By Luis Felipe Rodriguez Palacios
In part one of this story, we saw the beginning of Mexico’s 1926-1929 conflict between the church and the state that came to be known as the Cristero Rebellion or La Cristiada. The name “Cristero” represented those who rose up against the Mexican government with the cry of “long live Christ the King” and who were opposed to the restrictions that the government had imposed on Catholicism. One side denounced what were perceived as federal atrocities against the Catholic Church, and the other condemned what was viewed as a Holy War led by the bishops and “los ligueros,” i.e., those supporting the Liga Nacional Defensora de la Libertad Religiosa (National League for the Defense of Religious Liberty.) The resulting struggle marked the life and death of the Cristeros.
Jean Meyer, who wrote about the conflict, said: «First of all, let’s say that the Cristeros were not church people, nor were they Catholic politicians, nor were they lackeys of the bishops, nor were they instruments of the league.»
There is another work by Meyer on the subject that is a collection of handwritten documents which, he notes, have not been verified or published and whose intention was to leave a record for future generations. Most of these documents were written many years after the Cristiada. One, a letter from 1968, reads:
“On June 21, 1929, the aforementioned arrangements for the religious conflict were made, and the gentlemen who intervened in said arrangements should not have allowed us to hand over our weapons because those weapons cost us many lives, much blood. We risked our lives to remove those weapons, and it is neither possible nor fair that after so much suffering and work like the ones we went through, we are going to hand over our weapons, but to obtain priestly orders, we went to hand over our weapons and told our enemies, ‘Here are the weapons that we took from you on the battlefields since you could not take them from us. We came to bring them to you; they are no longer useful to us, but in the future, others will take them away from you, and then they will not give them again.’ And our enemies, thirsty for revenge, then began the war against the defenseless Cristero chief, and we were now free of the commitment we had against the government defending our religion. I went to Durango to look for my family, whom I had not seen for a long time. I did not struggle much to find them, and when I was with them, I came up with the idea to make them part of history. That is what writing these lines has been. Santiago Bayacora. Coah. 1968.”

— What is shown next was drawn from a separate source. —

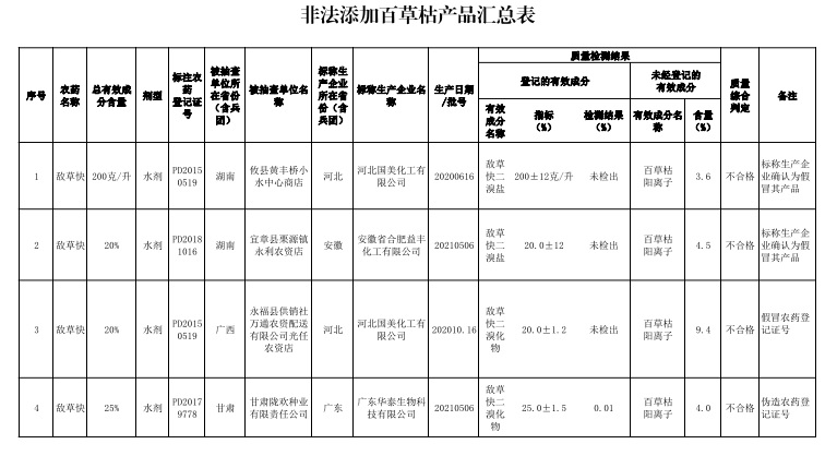 3.非法添加百草枯產(chǎn)品匯總表

Even though the weapons were withdrawn, the conflict continued for several years. It left many dead, and the conflict worsened during the second Cristero rebellion between 1934 and 1938. Here in San Miguel, there were many robberies and desecrations of goods in Atotonilco and in the Franciscan convent.
However, today’s story is about Sidronio Muñoz—a young man whom urban legend turned into a martyr of the time of the Cristiada. He was tortured by agents of the federal government to disclose the location of the Cristeros. It was said that the soles of his feet were cut, and he was made to walk along the Corral de Piedras, where the Santo Niño de Atocha is located. They made him walk, carrying a cross, beating him, until he finally he died in a puddle of water. He was left in a cave near Agua Espinosa, and three months later, some went up and found him there. They said he looked as if he had just been killed. They placed him in a wooden coffin and took him to the Parroquia, where he was put into a crypt.

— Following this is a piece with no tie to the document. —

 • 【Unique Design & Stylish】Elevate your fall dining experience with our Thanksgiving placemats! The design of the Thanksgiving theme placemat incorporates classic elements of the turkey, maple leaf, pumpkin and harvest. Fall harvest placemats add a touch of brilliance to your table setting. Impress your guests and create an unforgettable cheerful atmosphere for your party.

His tombstone reads: “To the memory of young Sidronio Muñoz R. July 11, 1899-August 13, 1929. The sacred spoils of one who offered to God his youth, his life, his everything; this must be a song of unique softness that springs, not from the soul, but of love, which is fire, life. Oh, you who praise God even in your own dust, make us love you to martyrdom! R.I.P. A remembrance by his mother, sisters, and friends.”
Over time, the townspeople began to bring flowers and candles to him in great quantities. The priest Enrique Larrea was annoyed when he saw the devotion that Sidronio had caused among the people, who considered him a martyr, a saint. His tombstone was removed, and his remains were deposited elsewhere in the same church to prevent the devotion from continuing.